This started literally two weeks ago and a couple of days ago I talked to one of the admin people who wanted an update on the progress I'd made with sanding off some of the rough edges of the very rough implementation that the managing partner had put in place (he bought a Mac Mini, put OpenClaw on it, then gave it admin access to a whole pile of stuff!) I said I needed a couple more days. "Okay," she said, "but I need this quickly, because we're firing people next week."

They have literally gone from no agentic AI, to discovering OpenClaw, to firing people, in a two-week time span.

When economists say that the predicted job losses as a result of AI have not yet shown up in the data, I'm genuinely befuddled. Either we don't have long to wait to start seeing them, or there's something wrong with the data, because you can't tell me what I just described above is an isolated phenomenon.

I also have to say: I've always enjoyed working with this client, but this experience has been a huge turnoff on a number of different levels.

For a non-tech case of this, my wife worked at a place that fired like 80% of their writers in anticipation of huge speed-ups they expected from LLMs, a couple years ago.

They had to hire a bunch of them back less than two months later. The speed-ups were approximately nil and making the editors edit AI slop all day long had them all close to quitting.

They didn't even wait to see if there were any actual benefits, they just blindly fired a bunch of people based on marketing lies. I can only assume they're the same sorts who fall for Nigerian Prince scams.
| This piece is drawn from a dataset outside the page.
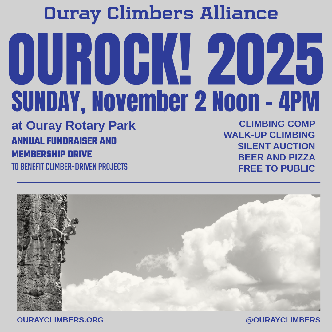 Rotary Park OurayJoin us for our annual community event on Sunday, November 2 at Rotary Park from noon till 5PM. This year’s event will feature: Walk-up guided climbing wall for adults and children (gear included) Live DJ Music with DJ Straylight Climbing Competition (open to all ages) Silent Auction Raffle Fresh baked pizza* Beer (must be 21 […]

> Probably the most annoying part is they want to automate stuff that I built a POC for using GPT-4o, two years ago - at the time they saw no use for it, but now they're all-in on the hype.

I’d have guessed the most annoying part would be that you’re assisting them in a hare brained scheme to terminate some people’s employment.

Maybe what they really want her to do is get rid of 50% of her staff and the AI is just an excuse? In that case she should focus on "who can we do without?" rather than "how can we replace people with AI?"
I'm sure part of this mandatw implied "if you can't show us the numbers we want, you're part of the 50%". And the incentives are set.
> Her boss mandated that managers replace 50% of the staff with AI within a year

I bet we could replace nearly all the CEOs in the country with chatgpt controlling a ceo@thatcompany.com email and nobody would notice.

We’d probably get better outcomes too.
For society, yeah, since the AI training corpus is more normal people than sociopaths. Shareholders would be mad, I bet.
> Shareholders would be mad, I bet.

But think of how much profits will improve by not paying $tens of millions to employ a CEO!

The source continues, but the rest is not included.